Within the records below, find the line with "该模块采用FFT(快速傅立叶" and the line with "配备了经典的开始菜单,大致是", then reproduce exactly those two lines and all lines between them, without any picture.

> _Given information_:
****

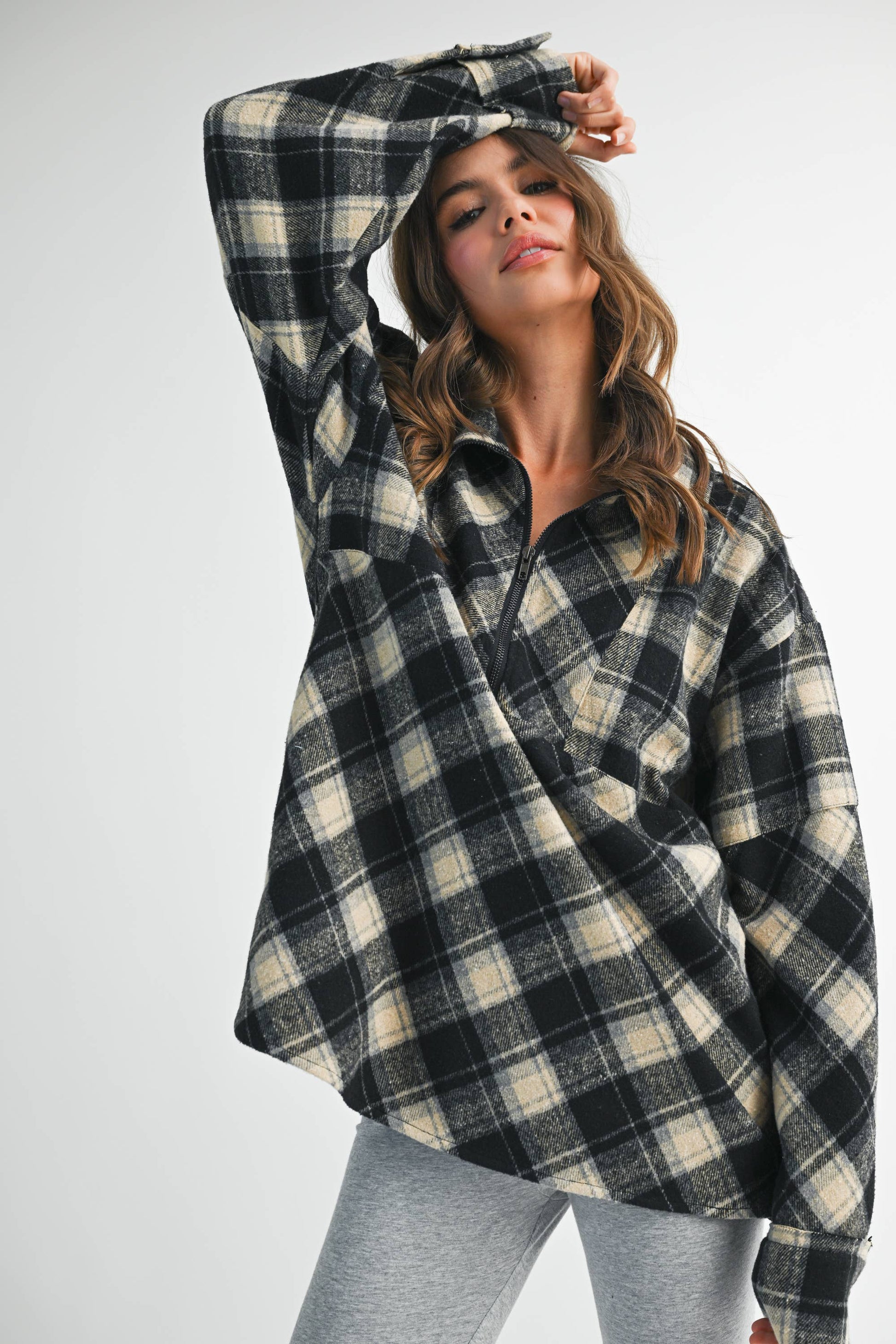 Stay cozy and chic in this oversized Mya plaid pullover, designed with a slouchy fit and versatile zip neckline. Perfect for layering up on crisp mornings or throwing on for laid-back adventures, it’s an instant cold-weather favorite.
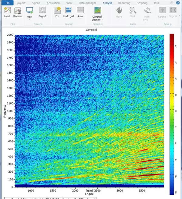 该模块采用FFT(快速傅立叶变换)技术和坎贝尔图进行频域分析,尤其在频率范围设定、色彩分级和图像缩放等方面提供高度可配置的功能。所有分析结果均可导出为标准ATFX格式,便于在其他专业工具中进一步处理。
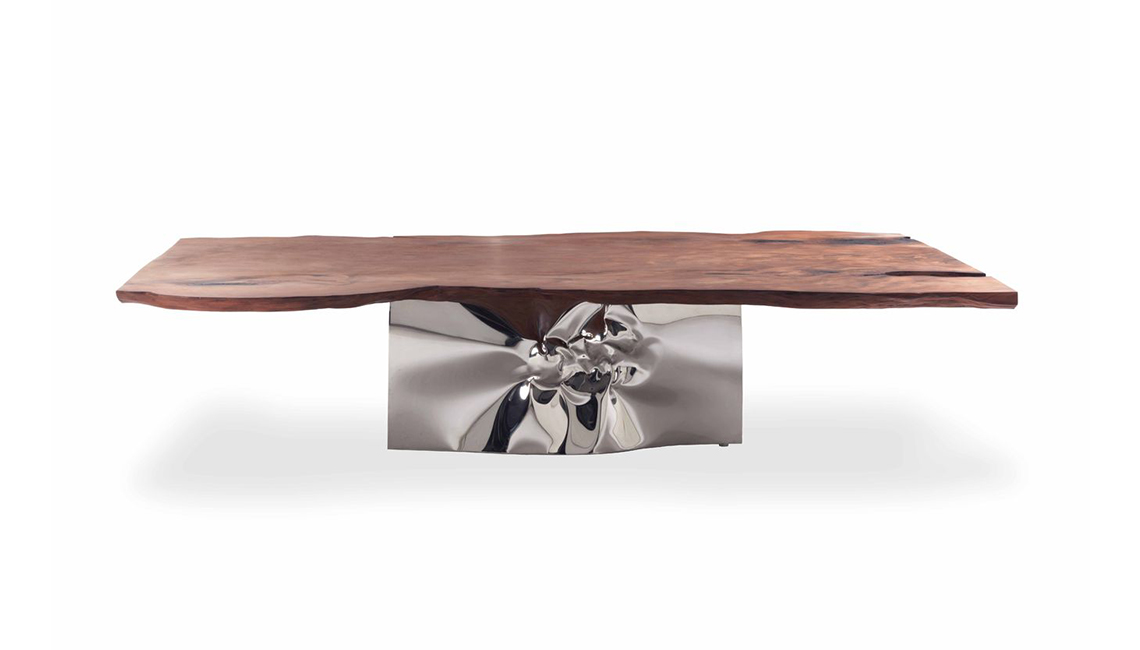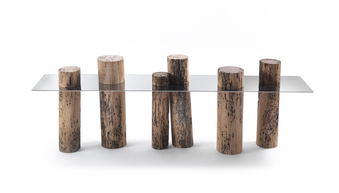 這是Riva1920用威尼斯橡木制作的具有標(biāo)志性的餐桌,它模仿木材一半淹沒(méi)于水中一半呈現(xiàn)在水面的景象,利用原始木料,設(shè)計(jì)了這一款與眾不同的餐桌。
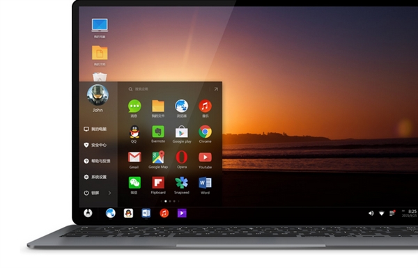 配备了经典的开始菜单,大致是windows 7的风格,而且支持全屏切换,可以作为已安装应用、系统设置的入口。
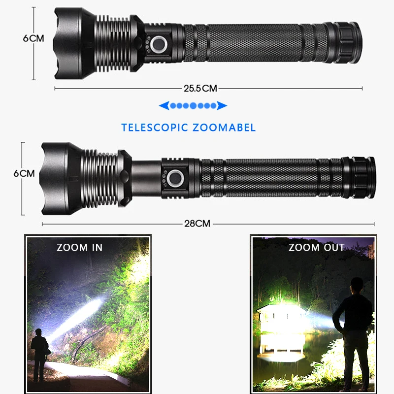 Мощный светодиодный фонарик использует XLamp XHP70.2 led с максимальной выходной мощностью до 50000 люмен Увеличьте 2*18650 или 2*26650 отсека для перезаряжаемых батарей, чтобы увеличить время работы. Дисплей емкости батареи, телескопический зум Микро-usb для компьютера USB, автомобильный USB, USB-разъем для зарядки, зарядный фонарик Изготовлен из надежного алюминиевого сплава класса aero HAIII, армейского класса, твердый анодированный Водонепроницаемость соответствует IPX-6, водонепроницаемость, можно использовать в дождливую погоду, но нельзя класть в воду Подходит для работы, охоты, альпинизма, рыбалки, кемпинга и активного отдыха и т. д. Ударопрочность до 2 метров

****

> _Task solution_:
 该模块采用FFT(快速傅立叶变换)技术和坎贝尔图进行频域分析,尤其在频率范围设定、色彩分级和图像缩放等方面提供高度可配置的功能。所有分析结果均可导出为标准ATFX格式,便于在其他专业工具中进一步处理。
 這是Riva1920用威尼斯橡木制作的具有標(biāo)志性的餐桌,它模仿木材一半淹沒(méi)于水中一半呈現(xiàn)在水面的景象,利用原始木料,設(shè)計(jì)了這一款與眾不同的餐桌。
 配备了经典的开始菜单,大致是windows 7的风格,而且支持全屏切换,可以作为已安装应用、系统设置的入口。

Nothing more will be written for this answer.